Phd candidate, Computer Science and Engineering
Michigan State University
Contact: qiuchen1@cse.msu.edu, Resume

         
                                                                  

 

About Me

 

Chen Qiu is a Ph.D candidate in Computer Science & Engineering Dept. of Michigan State University. He concentrates on mobile computing and is advised by Professor and Chair Dr. Matt W. Mutka. He works in eLANS Lab.

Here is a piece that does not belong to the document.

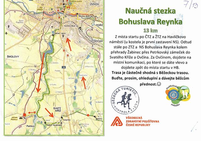 Na akci jsem se vydala s Miluškou a Františkem, start byl v zasedací místnosti MÚ v Rámech. Pořadatelé z odboru KČT Havlíčkův Brod připravili 4 pěší trasy (47, 36, 25 a 13 km), 2 cyklotrasy, Toulavý kočárek (6 km) a 7,5 km dlouhou běžeckou trasu. My jsme si vybrali jubilující NS Bohuslava Reynka, obdrželi popis trasy a mapku, popovídali s pořadateli a známými a ve dni, který sliboval krásné počasí, vykročili do přírody. Vzpomínali jsme na dobu před 10ti lety, kdy se stezka slavnostně za účasti obou synů Bohuslava Reynka otevírala.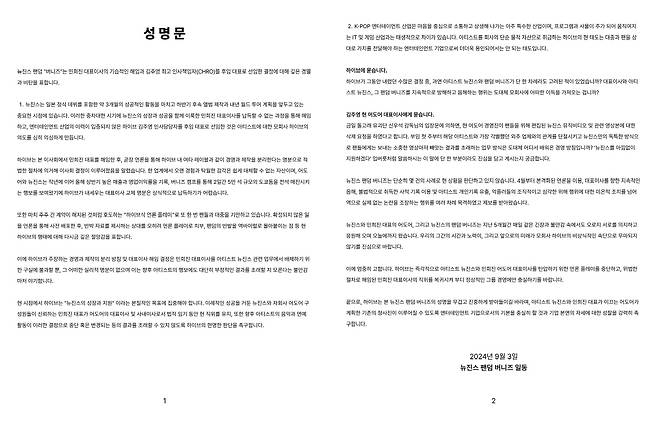민지는 "찾아와서 걱정해주고 위로해주는 많은 버니즈(뉴진스 공식 팬클럽)들에게 괜찮다고 말해주고 위로해주고 싶었는데 이번엔 자신이 없었다. 우리 좋은 이야기만 하기에도 하루가 부족한데 왜 이런 불필요한 수고를 겪어야 하는지 너무 미안하고 아무것도 해결할 수 없는 제가 너무 답답했다"며 "언제까지 이런 불안한 날들이 이어질지 모르겠지만 이런 말을 하는 것도 이기적일 수 있지만 우리 버니즈들과 우리가 힘든 시간을 더 이상 보내지 않았으면 좋겠다"라고 전했다.

He received his M.Sc. in Computer Science and his B.Sc. in Software Engineering from Xi'an Jiaotong University, China.


Research Highlights

Chen's Ph.D. study focuses on mobile computing and pervasive computing, and he has R&D experience on the following topics: 1) indoor location-based services using mobile APP, 2) indoor floorplan construction via mobile sensing, 3) data mining and machine learning on mobile and social networks, and 4) algorithm design and analysis.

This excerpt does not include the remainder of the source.